On maturity you may choose to -
 

  • Receive the entire fund value as a lump sum payout
  • Receive your maturity payout up to a period of 5 years by opting the ‘Settlement Option’ 


During the Settlement period, applicable fund management charges and mortality charges will be applicable. The policyholder can withdraw the balance fund value at any time during the settlement period.
 

When does the settlement period start? 
 

Your settlement period starts from the maturity date and is applicable up to a period of 5 years. First instalment under settlement option shall be payable on the date of maturity. However, you have to opt for the Settlement Option at least 3 months prior to the date of maturity.
 

Does the life cover benefit continue during the settlement period?
 

Yes, in case of the life assured’s untimely demise during the settlement period, we will pay higher of the fund value as on the date of intimation of death or 105% of the total premiums paid to the Nominee(s) / Appointee / Legal Heir and the policy shall terminate.
However, on complete withdrawal during settlement period life cover ceases immediately.
 

Who bears the investment risk during the settlement period?
 

The investment risks will be borne by the policyholder during the settlement period. 
 

Are you allowed to make switches/ partial withdrawals during the settlement period? 
 

No, switches/ partial withdrawals are not allowed during the settlement period. 

What happens in case of the Life Assured’s demise?

Answer

In the untimely event of the life assured’s demise while the policy is in force or from the due date of first unpaid premium till the expiry of the grace period, the Nominee(s)/Appointee/Legal Heir, as the case may be, will receive the benefit under the policy equal to higher of fund value as on date of death or sum assured, either 
 

  • As a lump sum amount; or  As monthly instalments up to a period of 5 years, if the policyholder has opted for the ‘Settlement Option’ at inception of the policy. Nominee(s) / Appointee/ Legal Heir, as the case may be can ask to withdraw the balance fund value at any time during the settlement period. No Partial Withdrawals or switching of Funds will be allowed during this period. In case of instalment payment of death benefit, the instalment benefit amount will be calculated as dividing lump sum amount (say, S) by annuity factor ( i.e. a(n)(12)) i.e. S/a(n)(12) where n is the instalment period either 1,2,3,4, or 5 years. The prevailing SBI savings bank interest rate as on date of death will be used to calculate the annuity factor. Once the instalment payment starts, this payment remains level throughout the instalment period. The interest rate used to calculate annuity factor is subject to review at the end of every financial year and will be changed in case of change in SBI savings bank interest rate. 

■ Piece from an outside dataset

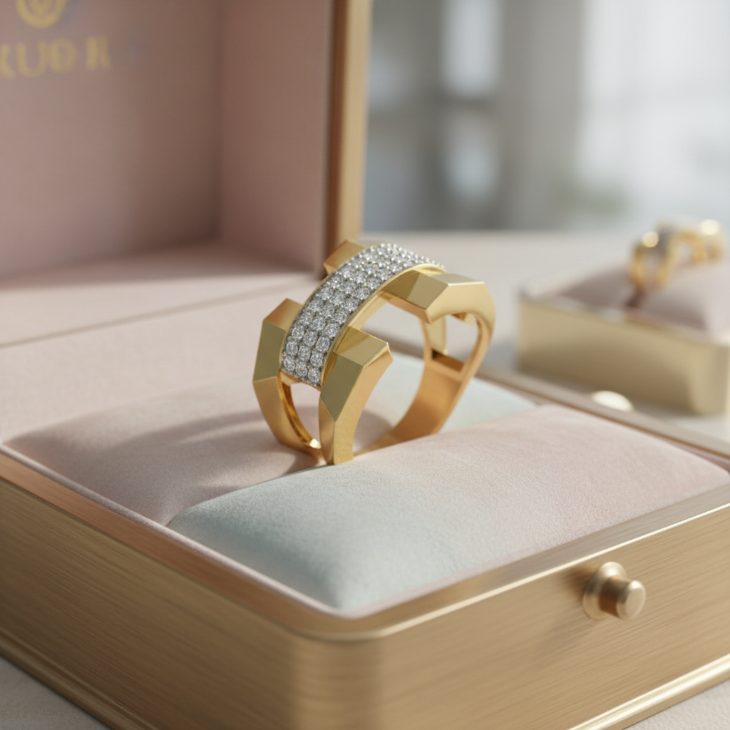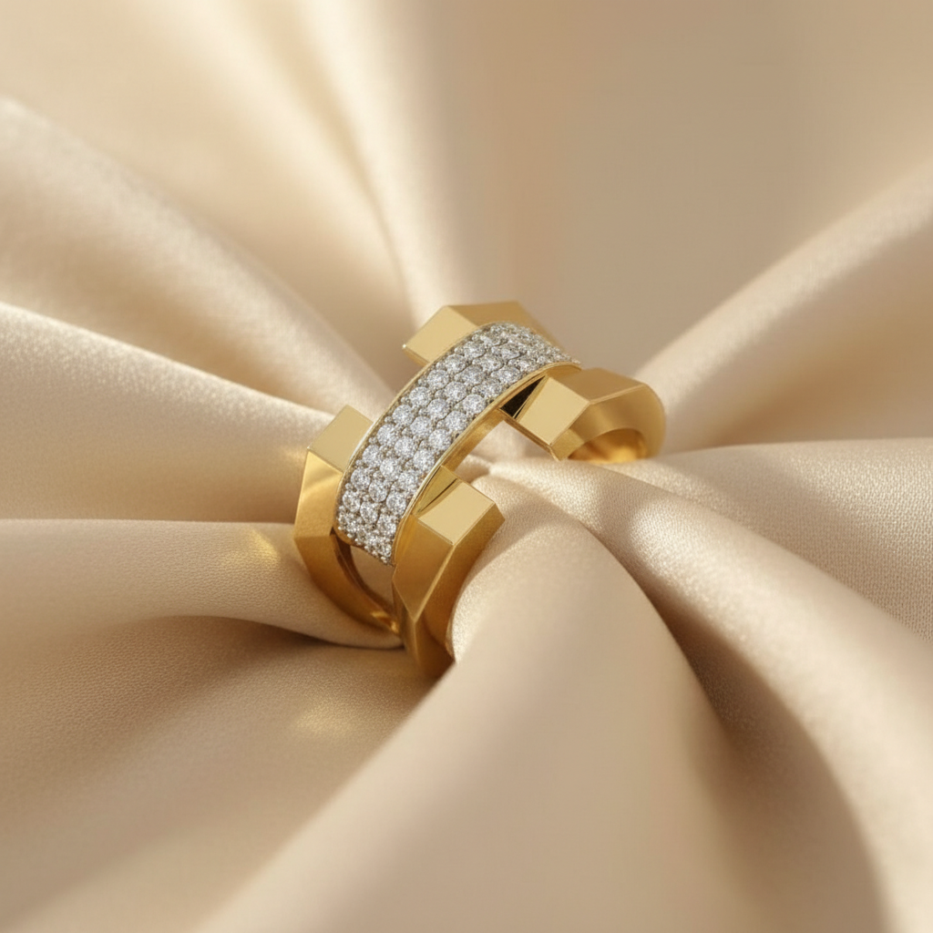 Each colorless VVS clarity diamond is precision-set to maximize light reflection while maintaining a seamless, structured finish. The bold architectural gold frame enhances the sparkle, creating a powerful contrast between polished metal and radiant stones.

The amount will be paid out to the appointee, if the nominee(s) is a minor. However, at any point of time, the death benefit will not be less than 105% of the total premiums paid during the policy term.
In the untimely event of death of the minor life assured before the commencement of risk, the death benefit will be equal to the fund value.
 

In case of paid-up policies, on death of the life assured, a lump sum amount equal to higher of the paid-up sum assured or fund value will be payable to the Nominee(s)/ Appointee/Legal Heir, as per the payout option selected by the policyholder at the inception of the policy. 
 

What is the impact of partial withdrawals on death benefit? 
 

The Sum Assured / paid up sum assured will be reduced by the amount equal to the partial withdrawals, if any made during the 24 months immediately preceding the date of death of the life assured.